What can go wrong: Feedback may be collected but treated as anecdotal, preventing leaders from identifying themes early and weakening assurance that the service is learning.

Early warning signs: Repeated low-level dissatisfaction, compliment and complaint themes never discussed in governance, or actions closed without measurable review.

Governance: Weekly dashboard review, monthly complaints-theme analysis and quarterly provider oversight of unresolved or repeated service concerns.

Outcomes: Effectiveness is evidenced through faster response times, reduced repeat complaint themes and improved satisfaction feedback after action plans are implemented. Evidence is triangulated through dashboards, action logs, survey returns and governance review records.

Commissioner expectation

Commissioner expectation: Commissioners will expect providers to demonstrate that complaints and feedback systems are open, timely and capable of driving service improvement. They are likely to look for evidence that concerns are not minimised and that recurring themes are acted on at management level.

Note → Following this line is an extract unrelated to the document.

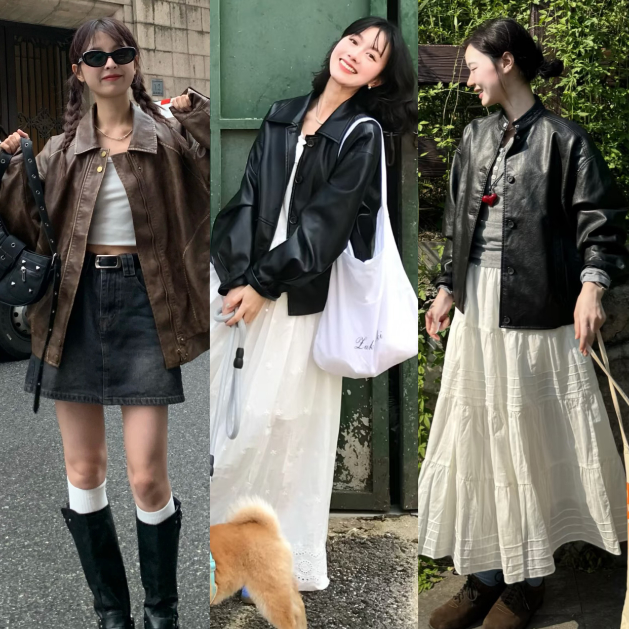 姐妹们!2025开春超火的穿搭公式来了!皮衣+裙子,甜酷风直接拉满,谁穿谁好看!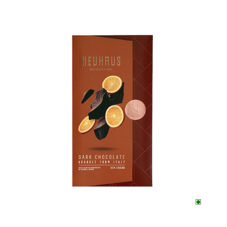 Delight in the perfect harmony of rich Belgian dark chocolate and the zesty brightness of orange with the Neuhaus Dark Orange Bar. Made with premium 54–70% cocoa, this bar combines smooth, intense dark chocolate with natural orange flavor, creating a vibrant and refreshing taste. Each bite offers a balance of bold cocoa depth and citrusy sweetness, making it a timeless indulgence for chocolate lovers who enjoy a touch of fruitiness.

Regulator / Inspector expectation

Regulator / Inspector expectation: CQC is likely to test whether complaints handling is consistent, transparent and linked to learning. Inspectors may compare logs, response letters, duty of candour records, action trackers and governance minutes to assess whether the service is genuinely responsive.

Governance and oversight

Strong complaints readiness should include same-day recording, clear classification, response timescales, complaint investigation templates, duty of candour decision routes and governance review of themes and closure evidence. The Registered Manager should be able to show how concerns become actions and how actions are checked for impact. That is what turns a complaints policy into an operational assurance system.

Conclusion

Complaints handling, feedback systems and duty of candour readiness are evidenced through clear intake, structured investigation, transparent communication and measurable learning. Providers must show that concerns are recorded consistently, reviewed proportionately and translated into operational change where needed. A Registered Manager should be able to demonstrate to CQC how complaint information is tracked, how openness is maintained and how recurring themes are escalated and resolved through governance. When response systems, managerial oversight and improvement actions are aligned, complaints handling becomes a strong indicator of provider readiness rather than a risk point at registration.